No, Bella. It's just a memory. He's gone. Long, long gone.

"Bella!" More insistent this time the velvet has gone, it has turned frantic.

Frantic isn't right. Frantic isn't how his voice should sound in my head. I want the smooth back.

I lean forward onto the balls of my feet; the anticipation of the fall makes my heart pound furiously in my chest. My arms fly up to the sky, ready to dive, when strong arms close around me, dragging me back from my salvation. The smooth voice cracks as it repeats my name over and over, as cool arms crush me to a familiar chiseled chest and a face burrows into my hair.

"Edward?" I question, my mind unable to reconcile the voice, the chest, the arms, the feel of his touch that I would know anywhere.

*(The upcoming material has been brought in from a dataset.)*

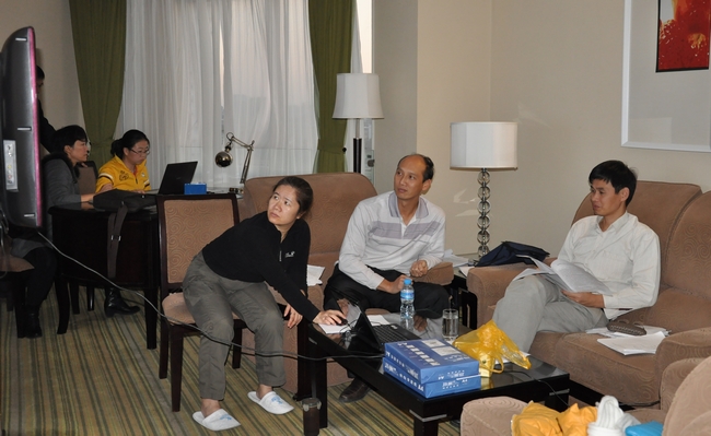 圖(tú)二:答辯工作組成員在北京金碼大酒店認(rèn)真(zhēn)準備答辯(biàn)資料、模擬演練答辯

The face in my hair inhales deeply, and then exhales in a sigh, gentle fingers caress my cheeks as he pulls back and I stare into eyes that drip with molten honey. Then the velvet returns, all traces of panic lost as he croons my name, each letter that drips from his tongue reminds me of why I fell so hard in the first place.

"I'm so sorry, Bella. Forgive me, please?"

And I do. Because without him there is nothing. Nothing but the darkness and the loneliness. He is air and light, he is smiles and laughter, he is baseball in thunderstorms and piano melodies just for me. He is everything; there is no life, no love without him.

I nod as I burrow my face into his chest once more, my arms drawing a tight circle around his torso as his shirt soaks up the tears, which fall freely down my face. His arms hold me to him tightly and we are as we were destined to be. Two halves of the same whole.